どこまでもどこまでも真っ赤に広がっていく夕焼け空を見ているうちに、記憶のなかのをやはりどこまでも遡り、やがて赤子の鳴き声さえ通りすぎていく。それは言葉で言えば「無常観」ということになるのかも知れません。
こうした無常観がどこから日本人のDNAに刻まれたのか、という点について「仏教」じゃないかという指摘もありますが、それはそうだとしても、それ以前にこの国の「自然」、もっと言えば一面のススキの向こう側に広がる秋の夕焼け空がこの考え方に影響した可能性も大きいのではないでしょうか。

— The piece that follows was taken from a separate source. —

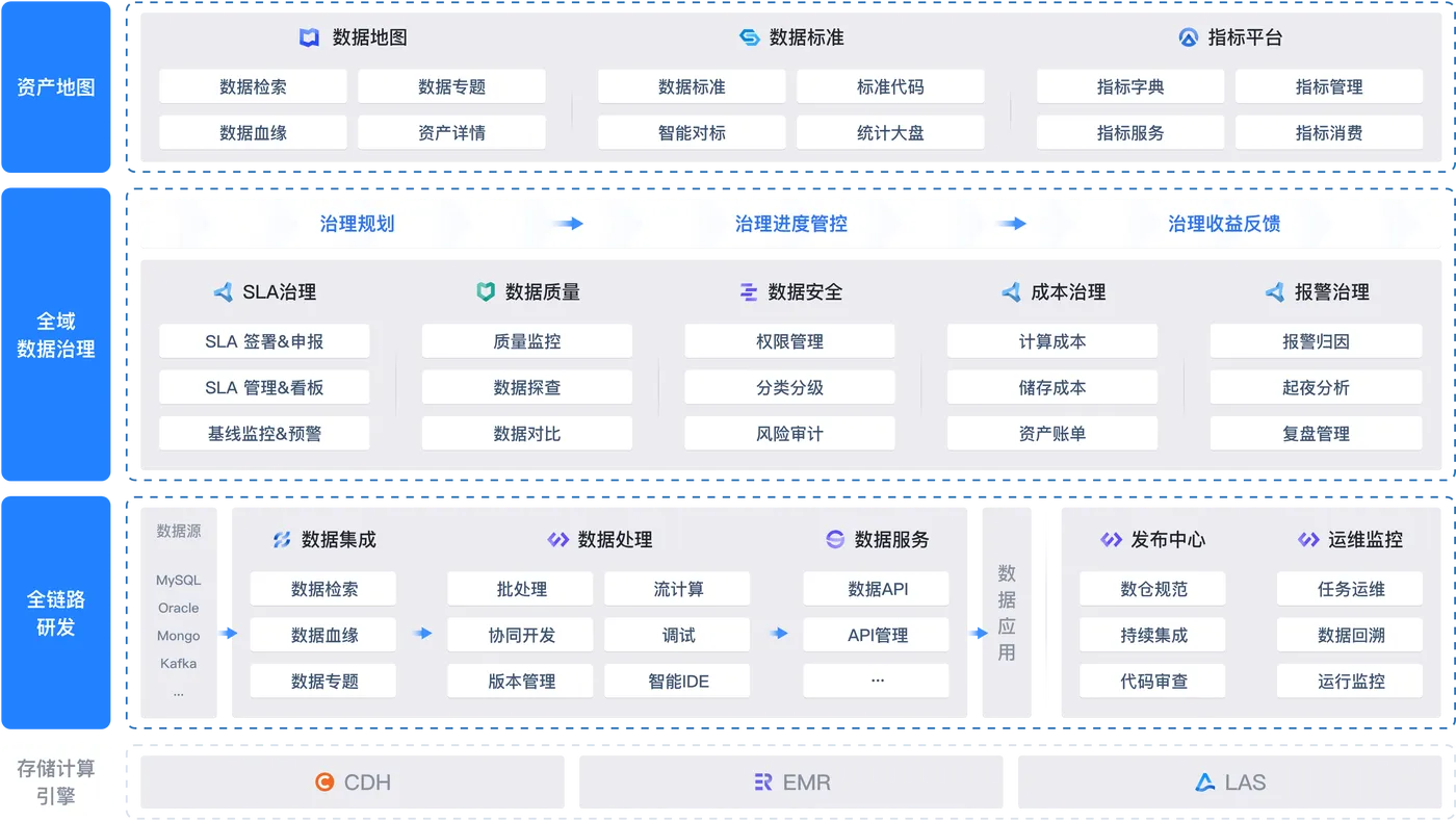 产品以“数据自由流动”为核心,构建了覆盖数据集成、架构、开发、质量、资产、服务的全链路能力。数据集成支持30+异构数据源接入,通过分布式计算框架实现海量数据稳定迁移;数据架构模块提供可视化建模工具,支持关系建模与维度建模,落地统一数据标准。

その意味で、18日に自分自身の星座であるかに座で下弦の月を迎えていく今週のあなたもまた、そんな茫然自失の無常観のなかで、受け入れるべきものを受け入れていくべし。
滅した後の世界への備え
生物の歴史をこれまで誕生した生物種のうちどれだけの割合が絶滅しているか、という観点から振り返ってみると、じつにその99.9%が絶滅しているのだとか。
そして、現生の人類も生物学的には今後100万年続くことは考えにくく、今後10万年続くかどうかも分からないそうです。ウイルス研究の第一人者である宮沢孝幸は、すでに20万年続いた現生人類が別の新型人類への入れ替わっていくスイッチは、すでにもう入っているのかも知れないと述べています(『京大おどろきのウイルス学講義』)。
人類が、そしてみずからもまた近く絶滅してしまうかも知れないという仮定を、まじめに受け止めるとき、そこでは「後に何を残すか」ということのみが問われていきます。現生人類は、そしてあなた自身は、あなたが滅んだあとの世界ないし地球環境に、何を残すべきであり、現にどんなものを残しつつあるのでしょうか。
今週のかに座もまた、大袈裟な話ではなく、先々のことを考えての備えや後始末について考え、動いていくことがテーマとなっていくでしょう。